Afghanistan remains one of the world’s poorest and most fragile states, largely supported by foreign aid. The US alone has spent $133 billion on civilian reconstruction and is committed to continue support for the foreseeable future.

In 2015–in the face of public sector corruption and inefficiencies–the President of Afghanistan announced the transition to Mobile Salary Payments (MSP) for payment of civil servants’ wages. CEGA researchers Joshua Blumenstock and Michael Callen, along with collaborator Tarek Ghani, worked closely with the government to design and study the reform. The team evaluated the costs and benefits of mobile payments, and helped to streamline the registration process, all while developing insights for scale-ups in other countries.

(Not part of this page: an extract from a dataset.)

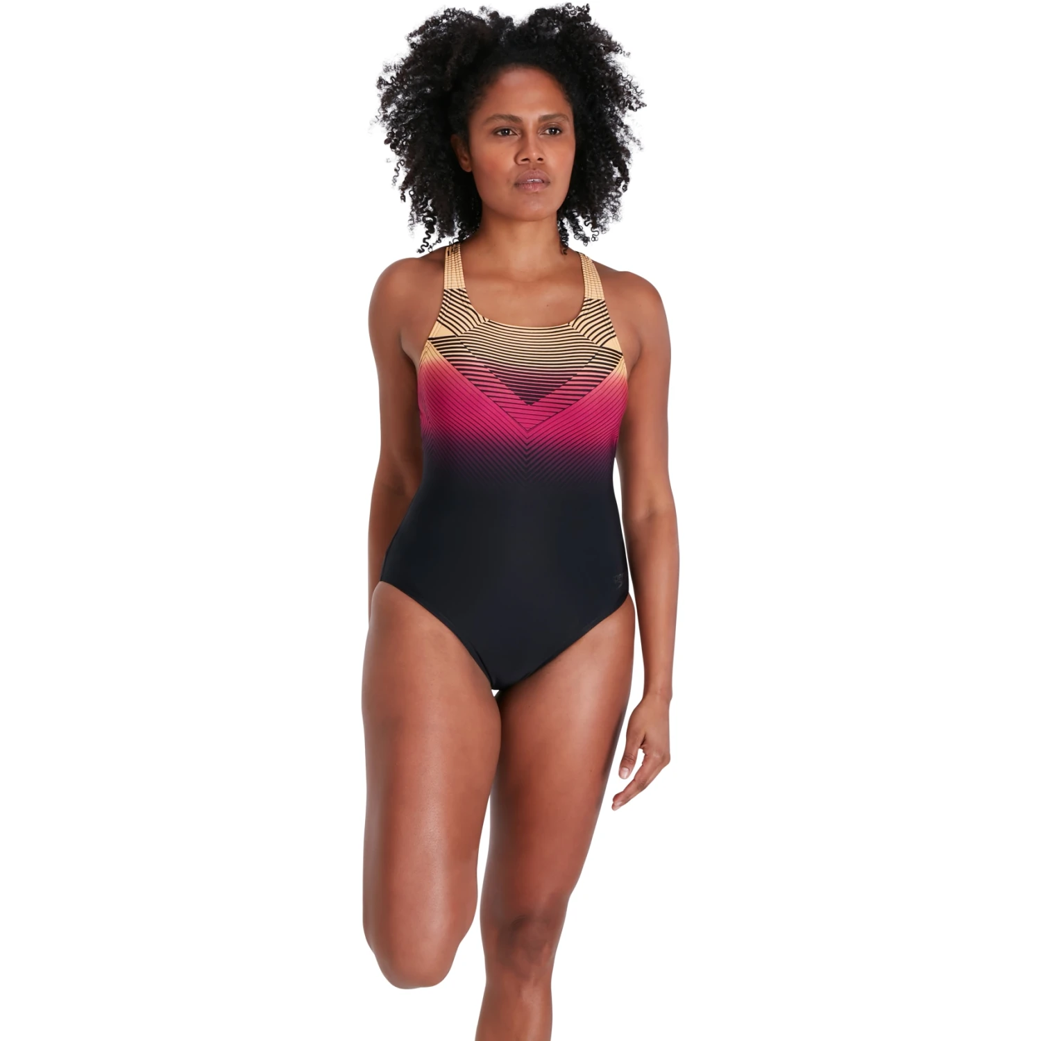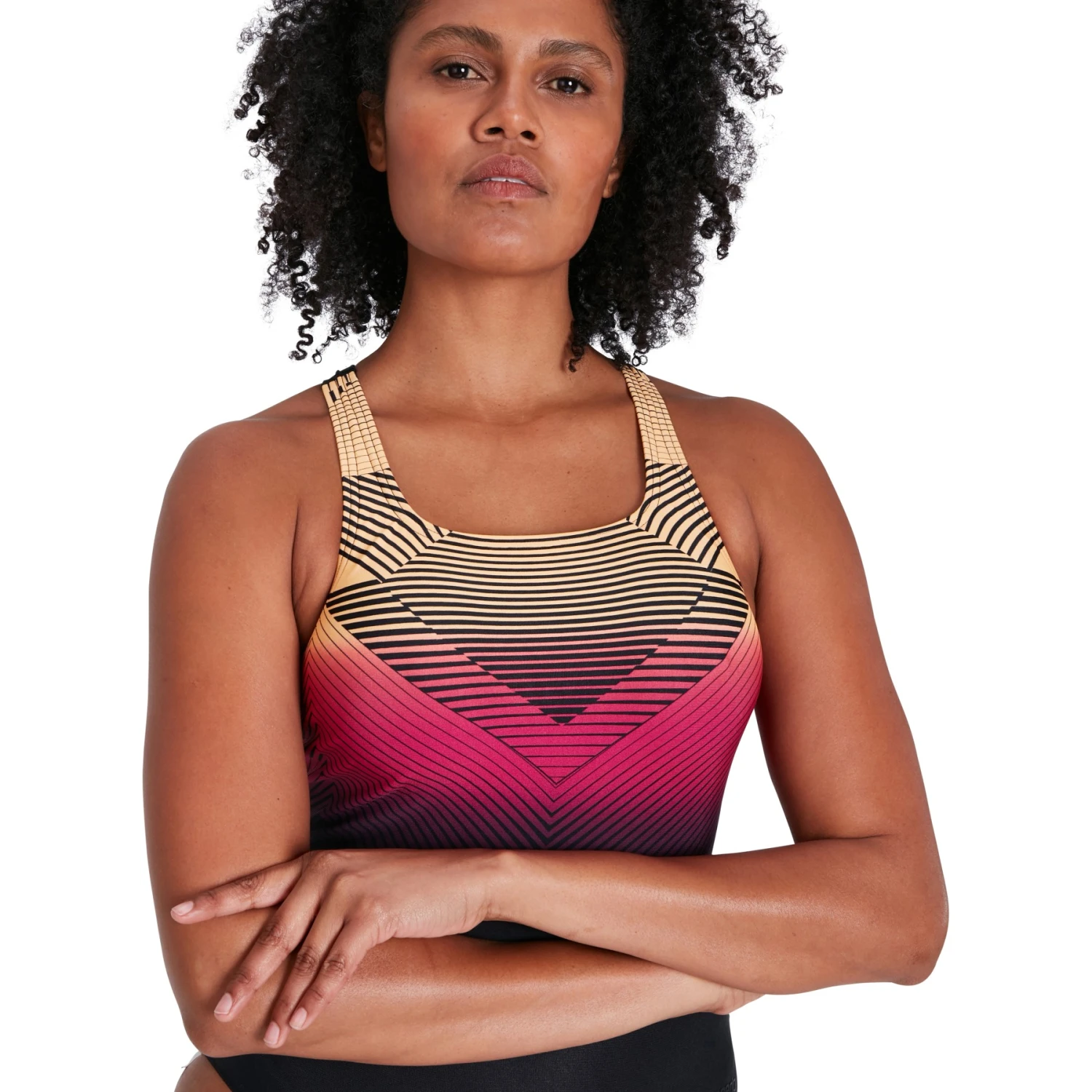 Zwem je een weg door je training met energie en geweldige afdrukken. Dit prachtige Medalist zwempak heeft betoverende kleuraccenten in gedurfd blauw en oranje, geïnspireerd op beweging en geluidsgolven.

With CEGA’s support, MSPs have been implemented for approximately 4,000 Afghan government workers to date, with the goal of expanding to 30,000 Ministry of Education employees by the end of 2018.

We’ve discovered an immediate benefit of MSPs is a reduction in the disappearance of worker salary due to corruption (“leakage”). Indirect benefits include ensuring workers receive their salaries in full and on time, helping workers automatically save for their retirement, and expanding opportunities for financial inclusion in Afghanistan more broadly.